В некоторых областях, первоначальная оргиастическая религия проявляет большую живучесть и силу сопротивления, откуда разбиваются своеобразные культовые формы. Так, в оргиастической Фракии, не знающей Зевса, бог умирающий и вместе убийственный, бог смерти в пассивном и активном смысле понятия, коему свойственно раздвоение на лики преследуемого и преследователя, остался единым богом при единой богине, Артемиде эллинов, или лишь поверхностно дифференцируется в двух взаимно восполняющих и сменяющих один другого богов, которых эллины наименовали Дионисом и Ареем. У фригийцев Зевс отожествлен с древним страдающим богом и является не пребывающим неизменно, а попеременно возникающим и исчезающим. В культовой области малоазийской (хеттской) Великой Матери, Реи эллинов, и в зависящих от нее культах, лемносском — Великой Богини, Bendis, и кипрском — Афродиты с ее сопрестольником, Адонисом, — оргиастическое женское единобожие с его подчиненным и жертвенным мужским коррелятом остается почти нетронутым. На Крите элементы первоначальной религии приведены в своеобразное сочетание с религией некоего Зевса-быка; мужское божество утверждено в полноте верховного религиозного принципа, и в то же время представления о рождении и смерти Зевса сближают его с богом Малой Азии.
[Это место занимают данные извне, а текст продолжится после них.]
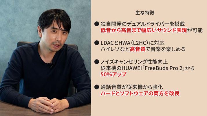 通話やWeb会議で使う際に重要なマイクは、新しく搭載された骨伝導VPUセンサーと、トリプルマイクによりユーザーの声を正確に集音。さらに、機械学習を活用した「DNNアルゴリズム」により、従来機「HUAWEI FreeBuds Pro 2」比で風切り音のノイズキャンセリング性能が80%、環境ノイズキャンセリング性能が5dB向上したとのことです。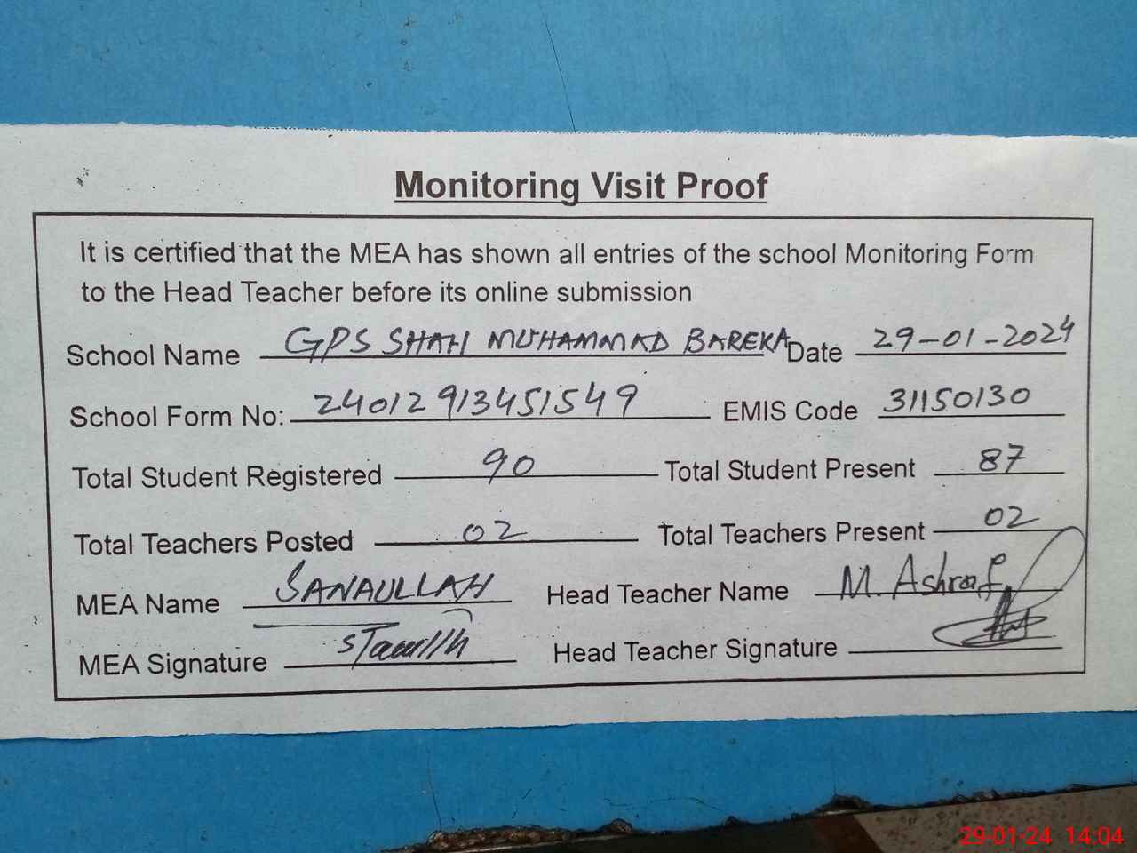 | Attendance Register | Head Teacher | MEA with School | Visit Proof |
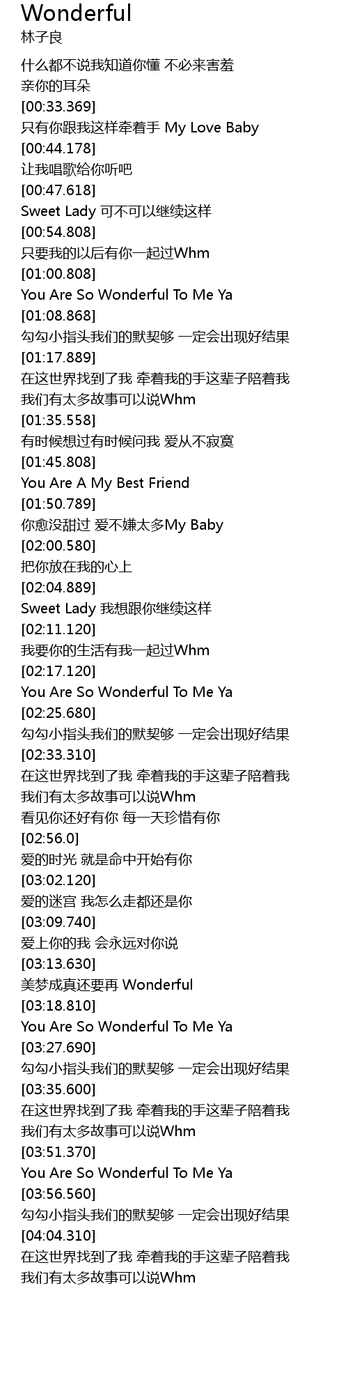 | [02:20.810] | You Are So Wonderful To Me Ya |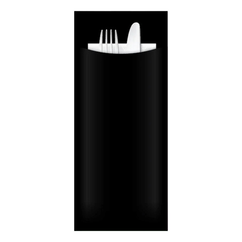 Available in multiple sizes and options, including pouch-only, 2-ply, and 3-ply white napkin inserts, each pouch ensures convenience and consistent presentation across various service settings. The white napkin (330mm x 330mm) contrasts beautifully with the black pouch for a stylish, professional appearance.

Религиозное влияние Крита, памятное Гомеру и не прекращавшееся до VI века, — влияние, так знаменательно выдвинутое в гомерическом гимне Аполлону Пифийскому, — глубоко изменяет во многих местных культах эллинское богопочитание, придавая Зевсу черты Идейского бога, Зевса Диктейского, который в своем оргиастическом и хтоническом облике является как бы пра-Дио-нисом. Периодичность рождения и смерти бога-быка, правда, давно забыта на Крите, и подражательные действа — mimeseis — окончательно закрепили воззрение на эти моменты в божестве Зевсовом, как на однажды происшедшее священное и таинственное событие, но они были неистребимы и, по-видимому, рано натолкнули Крит на поиски сыновней оргиастической ипостаси Зевса. Во всяком случае, критское оргиастическое почитание Диониса-Человекорастерзателя, своеобразно окрасившее островной круг дионисийства, извлечено из исконного представления о местном Зевсе, но уже по обретении Дионисова имени у эллинов. В эпоху же прадионисийскую именно критское влияние, как нам кажется, дало эллинству первый импульс — разрешить противоречие, открывшееся в идее Зевса между гомеровским представлением о нем и образом бога рождающегося и умирающего, путем перенесения оргиастического мифа о младенце, преследуемом и скрываемом в пещере, на нового бога, Зевсова сына. В раннем воздействии Крита на Делос и Дельфы мы видим неудавшуюся в целом попытку дать эллинам этого бога-сына в лице Аполлона, вследствие чего ему и приписаны в эту эпоху многие прадионисийские черты (стр. 51). Импульс мог быть дан Критом, но обретение сыновнего лика и имени все же, и в полной мере, — плод эллинского религиозного творчества, и оно впервые творит религию Диониса в собственном смысле.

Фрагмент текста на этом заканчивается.